20. However, the trial court convicted the appellant on both the main charge and the alternative charge. In doing so, the trial court fell into error. It is trite law that a conviction cannot be made on both the main charge and the alternative charge. This position was stated by the Court of Appeal in David Ndumba vs Republic [2013] eKLR thus: -“On the issue of the alternative charge, we find that nothing turns on the fact that the trial court did not make a pronouncement on the same. In M.B.O. –VS- Republic, Criminal Appeal No. 342 OF 2008, this Court held,‘The practice of charging offences in the alternative is one of abundant caution and that is why no finding is made on such charge once there is ample evidence to support the main charge.’”
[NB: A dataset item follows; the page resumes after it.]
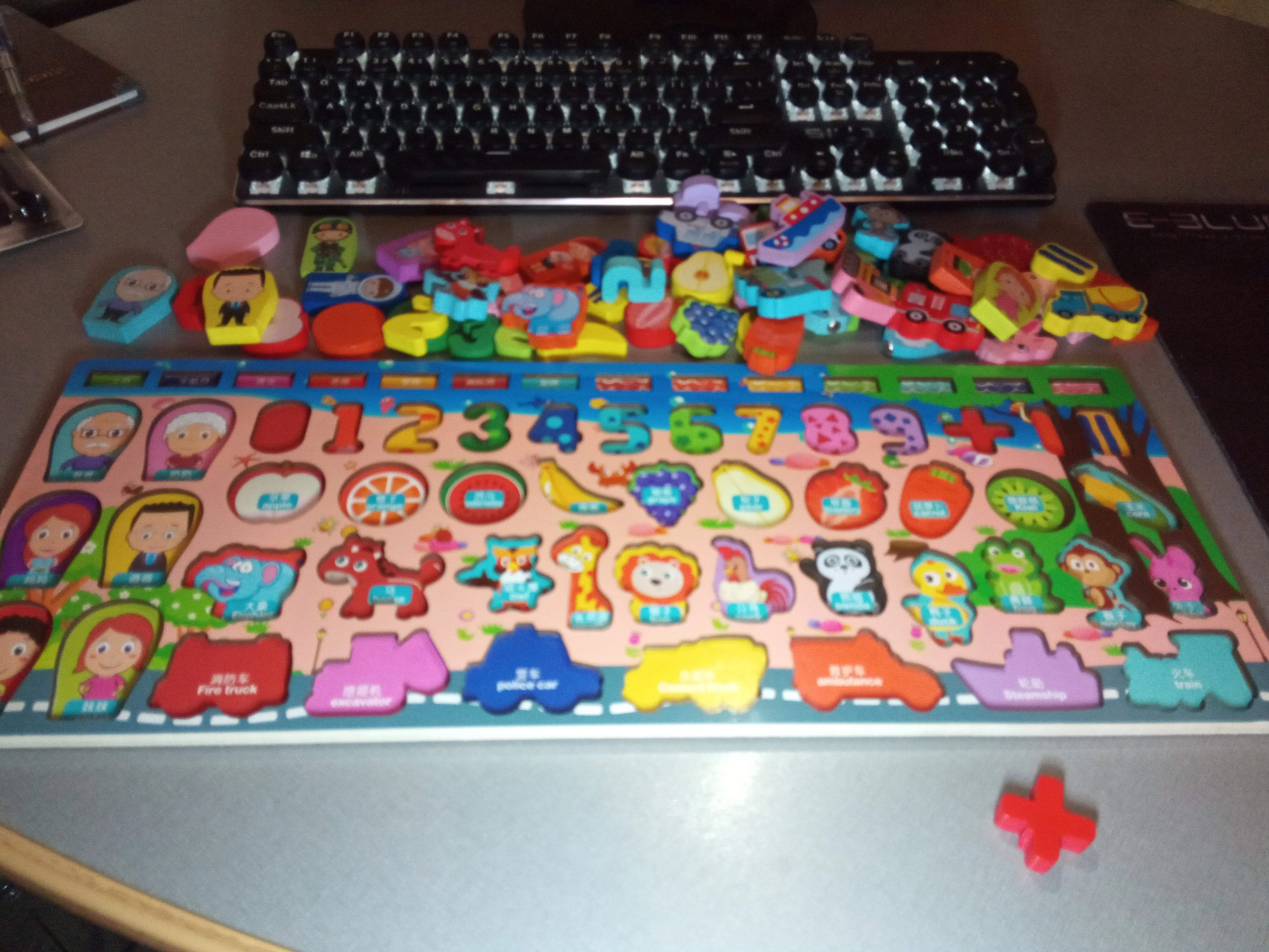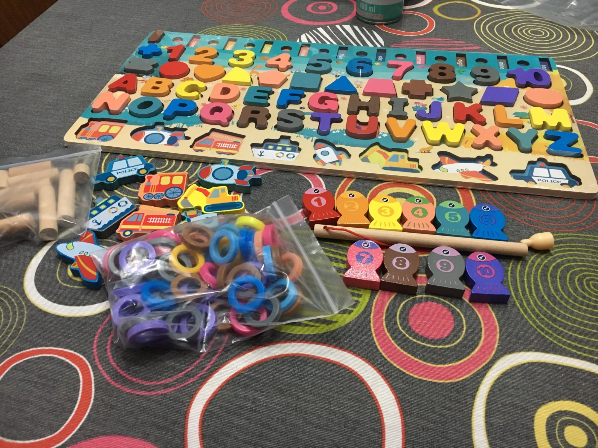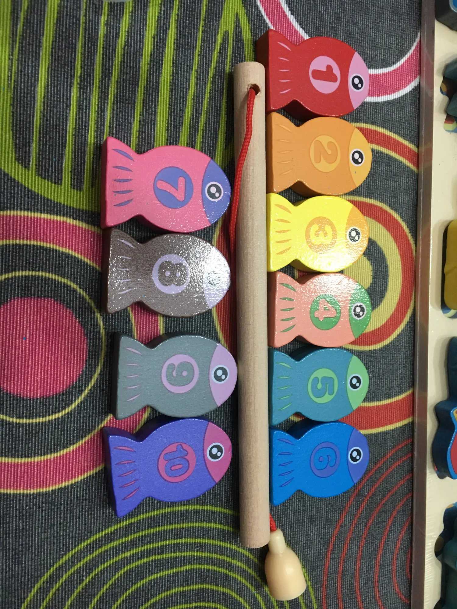 Отличная игрушка. Мой 2-летний мальчик немного слишком мал для букв, но животные, формы, цифры, рыбалка и сортировка колец-отличная работа. Сегодня он хотел омить завтраки, потому что хотел играть. Качество игрушки хорошее.

21. The charge is an alternative to and not an addition to the main charge and therefore once the trial court found that the prosecution had proved the main charge of attempted defilement, the trial magistrate had no business in proceeding to convict the Appellant on the alternative. For that reason, I partially allow the appeal on conviction by setting aside the conviction on the alternative charge of the offence of indecent act with a child, contrary to Section 11(1) of the Sexual Offences Act, No. 3 of 2006.
22. That notwithstanding, sentences are intended, inter alia, to punish an offender for his wrongdoing,they also aim to rehabilitate offenders to renounce their criminal tendencies and become law-abiding citizens. I have no doubt that the sentence imposed by the trial court on the main charge, in this case, was lawful.
23. For the above reasons, I hereby affirm the sentence of ten (10) years imprisonment imposed on the main charge. The sentence on the alternative charge is set aside. The sentence shall run from 6th March 2022 the date of the appellant’s arrest pursuant to section 333(2) of the Criminal Procedure Code having spent the entirety of the trial in remand custody.
Orders accordingly.
JUDGEMENT DATED AND DELIVERED VIRTUALLY THIS 30TH DAY OF SEPTEMBER 2024D. KAVEDZAJUDGEIn the presence of:Appellant presentMaroro for the RespondentAchode Court Assistant.